Creating powerful experiences for each user, especially when it comes to use case personalization, is easier said than done.

To drive great experiences across every team and technology, you must:

Collect every touchpoint each customer has with your business
Unify that data in a centralized, accessible repository
Enrich and deliver that data to every downstream tool (product, marketing, data science, sales, etc.)

Overlooking any of these measures makes eliminating bad user experiences nearly impossible. Your marketing and product teams will continue to send email promotions for products your customers have already bought, and data science won’t be able to produce models that increase lifetime value.

With customer expectations higher than ever, failing to unify and activate your customer data means slower growth and higher churn.

The Big Decision: Build or Buy?

As a technical leader supporting data-driven growth initiatives, your biggest decision regarding customer data pipelines is whether or not to buy a solution from a vendor or work with your engineering team to build your own.

I’m an engineer by trade, and before starting RudderStack, I spent years at a large enterprise trying to unify and activate customer data with both homegrown and vendor pipeline solutions.

Over the last two years, I’ve worked with 20+ engineers to build customer data pipeline solutions, and based on those ten years of experience, here’s why I think trying to build your solution is a mistake.

The Challenges I Faced in Building

As engineers, we like to build things. Also, in many cases, the idea of building things has advantages. In my previous role at an enterprise company, building our own customer data pipelines seemed like a more tailored and less expensive choice for our needs, especially because we had the engineering talent.

As is often the case, though, the idea of building something is different from reality. Here are the things I wish I considered before going down the build path:

Scaling is a Challenge

One of the characteristics of customer data is that initial use cases always seem manageable (send page view data to marketing, feature usage to product, etc.), but the more data you have, the more use cases you enable.
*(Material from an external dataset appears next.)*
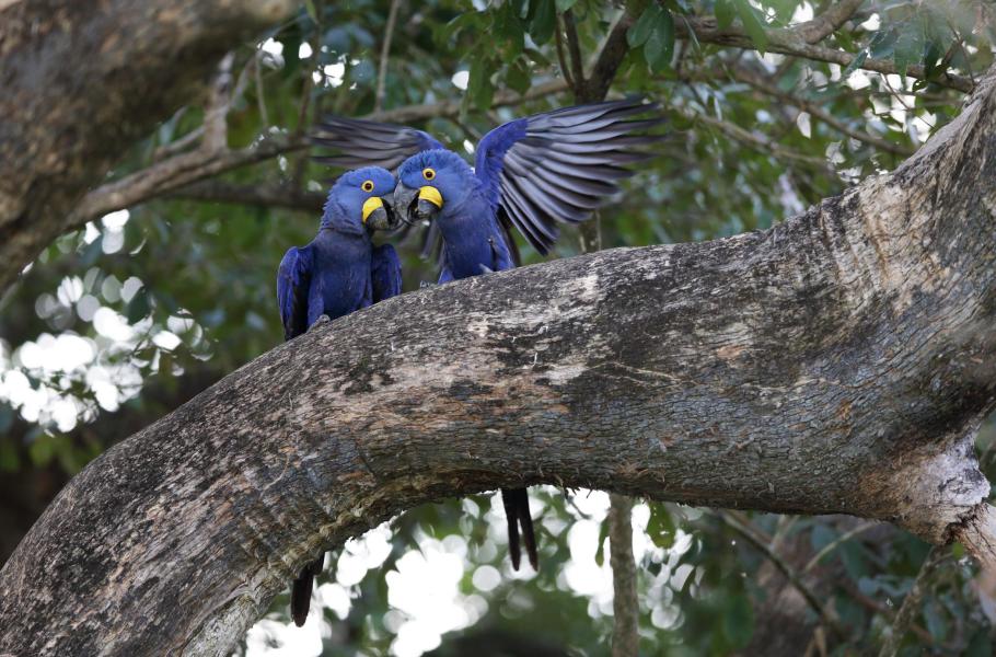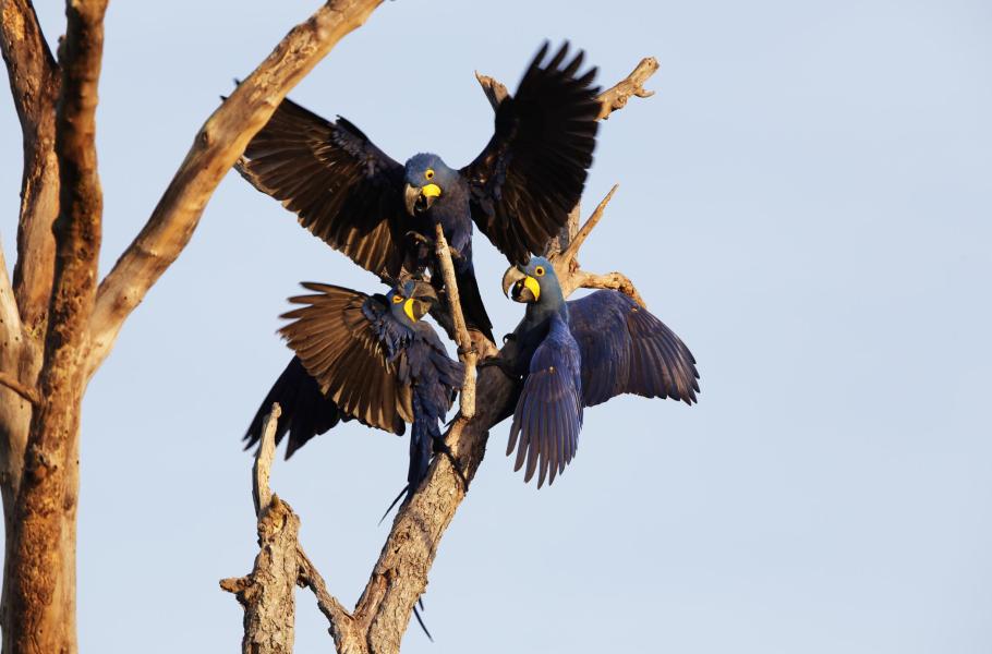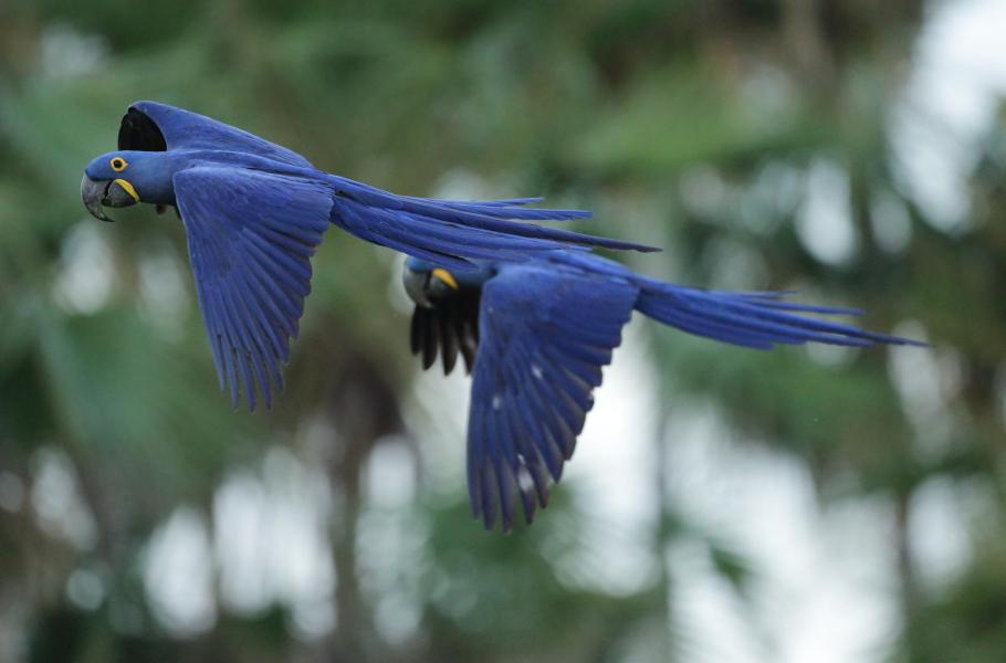 Ara hyacintový je největším létajícím papouškem světa. V současnosti žije ve volné přírodě maximálně 7 000 kusů těchto nádherných opeřenců, přičemž jejichž posledním útočištěm je brazilská zátopová oblast Pantanal

This is a virtuous cycle that can be very powerful for teams, such as marketing and product, but from a technical standpoint, your initial set of requirements rarely reflects the system’s long-term needs at scale.

Ultimately, you want to track every action your users take, from clicks to searches to transactions. That event volume for even a mid-sized B2C company can easily get into millions of events per day.

First, building any system to handle that scale isn’t trivial from a collection and processing standpoint, and because the data is driving actual experiences, latency can cause major problems.

Event volume peaks are another major issue. Planning for average usage is one thing, but the system needs to handle significant spikes in volume without any additional configuration or infrastructure management. (Otherwise, the engineering team is always putting out fires whenever the business has a big event like a sale, peak season, etc.).

If you don’t build the system for efficiency at scale from the outset, costs can also become a major problem.

Managing these considerations while ensuring low latency and minimal performance overhead almost always means engineering resources are being used to collect and route data instead of working on the actual product and product-related infrastructure.

Building and Managing Data Source Integrations is an Annoying, Never-Ending Problem

Customer data is spread across multiple different data sources. Think about even a simple business with one website and one app:

Website
App
Cloud tools
Payment/transaction data
Messaging data (email, push, SMS)
Advertising data (Google, Facebook, etc.)
Cloud apps (CRM, marketing automation, etc.)

Building integrations for every data source is not only a huge amount of work but requires knowledge of a diverse set of programming languages, libraries, and application architectures. Worse yet, the integrations are constantly evolving with new features and API versions.

Another major challenge is that there are different categories of pipelines. Event data comes from the website and app and needs to be delivered in real-time, but customer data from cloud sources is often tabular and needs to be loaded in batches.

Keeping an engineering team motivated to keep messy integrations up to date is a huge challenge, not to mention concerns around the value of using expensive, smart resources to maintain base-line functionality.

Unifying Data Isn’t as Easy as Dumping Customer Events Into Your Data Warehouse / Data Lake.

At face value, it doesn’t seem hard to take an event stream and dump it into a data warehouse, such as BigQuery or Snowflake, or a data lake (or “lakehouse”), such as Databricks Delta Lake.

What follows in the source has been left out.